Prima di Natale si era aperta una voragine proprio nel cuore di Google, il marchio che più aveva lavorato, fin dalla sua fondazione, nel costruirsi una reputazione positiva e democratica con lo slogan Don’t be evil, “non fare il male”. Prima la responsabile della sezione etica della divisione di intelligenza artificiale, Timnit Gebru, fu licenziata per aver avanzato dubbi sulla correttezza degli algoritmi elaborati dal grande motore di ricerca; poi anche la vice di Gebru, Margaret Mitchell, è stata estromessa per le stesse ragioni. Una decisione che ha provocato reazioni massicce sia all’esterno, con una mobilitazione di migliaia di ricercatori e docenti universitari contro il vertice di Google, sia all’interno, con un’agitazione che in poche settimane ha portato alla costituzione di un vero e proprio sindacato: Alphabet Worker Union (AWU), l’organizzazione dei dipendenti del gruppo Alphabet che controlla anche Google. La stessa cosa si sta verificando nel sistema Amazon, che conta ormai circa 250mila addetti in tutto il mondo.
Proprio in Italia, a Piacenza, si registra una delle più avanzate esperienze di lotta sindacale nel pianeta Amazon, con un primo accordo che ha bloccato il controllo digitale che si voleva estendere all’attività di tutti i lavoratori. Ora, con la decisione del tribunale di Milano, altri 60mila lavoratori del pulviscolare sistema della gig economy, quella forma di organizzazione informale che permette alle imprese digitali di avvalersi di prestazioni senza garantire protezione ai dipendenti, stanno diventando soggetto negoziale formale.
Non si tratta di rifare la Federazione lavoratori metalmeccanici, il glorioso sindacato cinquant’anni dopo. La natura e le dinamiche del potere di calcolo non è omologabile a quello del tradizionale sistema industriale meccanico. La condivisione del ruolo soggettivo, persino nelle attività più ripetitive, è enormemente più ampia.

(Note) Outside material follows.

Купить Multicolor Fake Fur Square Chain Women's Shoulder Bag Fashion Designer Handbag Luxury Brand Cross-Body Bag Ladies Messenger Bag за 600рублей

Soprattutto l’impatto sociale dei servizi e dei prodotti di intelligenza artificiale è più diffuso e pervasivo, condizionando il modello di vita della stragrande maggioranza della popolazione del pianeta.

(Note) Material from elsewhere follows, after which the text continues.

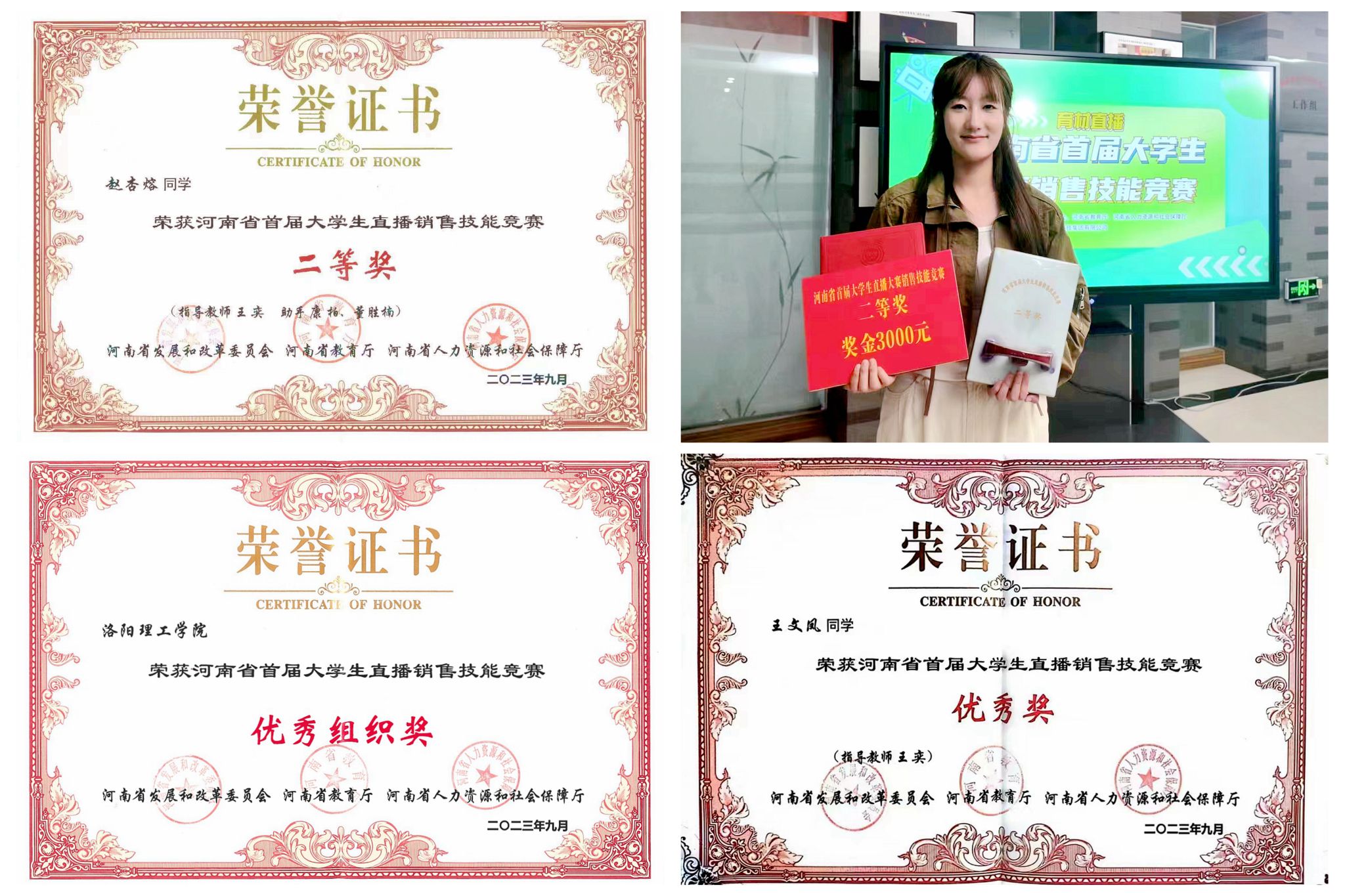 近日,由河南省发展和改革委员会、河南省教育厅、河南省人力资源和社会保障厅联合举办的河南省首届大学生直播销售技能竞赛获奖名单正式公布。由我校经济与管理学院王奕老师指导的赵杏熔同学荣获二等奖1项、王文凤同学荣获优秀奖1项,学校荣获优秀组织奖。

I riders non sono Gasparazzo, la figura del mitico operaio massa degli anni Settanta. Sono un anello di una catena lunga e articolata che arriva nelle redazioni, nelle banche, nelle aule giudiziarie, negli ospedali, in cui a comandare è un algoritmo. Non una macchina ma degli esseri umani proprietari del sistema computazionale. Questo è il suo specifico carattere che Paolo Zellini, un grande matematico italiano, nel suo testo La dittatura del calcolo (Adelphi editore), definisce “intimamente autoritario”.

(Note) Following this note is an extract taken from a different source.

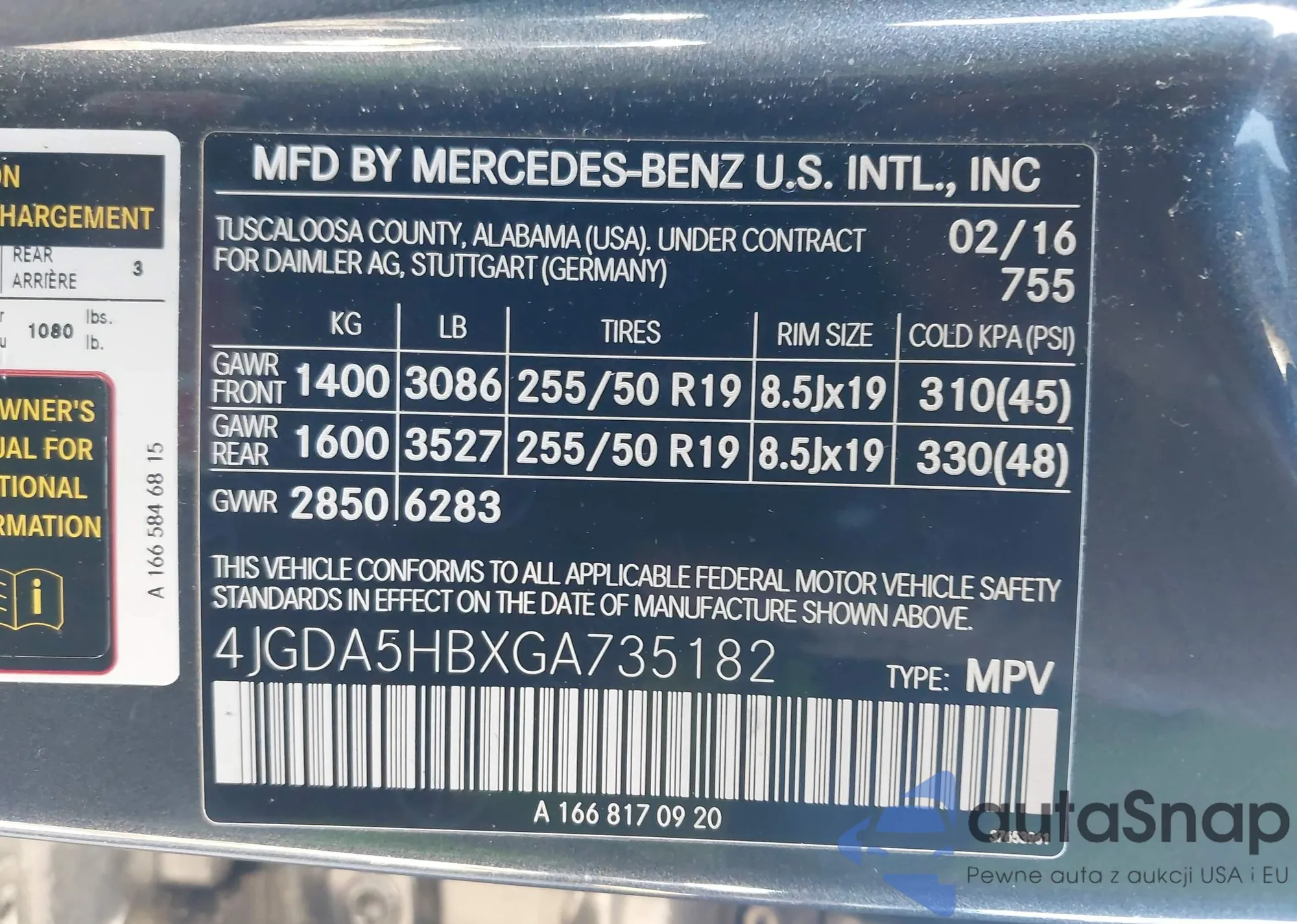 • VIN: 4JGDA5HBXGA735182

L’obiettivo, che oggi appare più riconoscibile e realizzabile, è quello di mettere in campo un nuovo soggetto negoziale che, come scrivono i dirigenti del sindacato di Google, “usi la nostra competenza di ingegneri o programmatori per rendere la potenza di calcolo trasparente e condivisibile”. Una conquista collettiva in cui la civilizzazione delle prestazioni produttive, del lavoro, diventa una tappa inevitabile, ma non l’obiettivo primario. Su questo si continuerà a discutere avendo come prospettiva unitaria quella di considerare la scienza, il sapere, una macchina sociale: algoritmi e vaccini devono essere beni comuni. Per ragioni di efficienza e insieme di democrazia.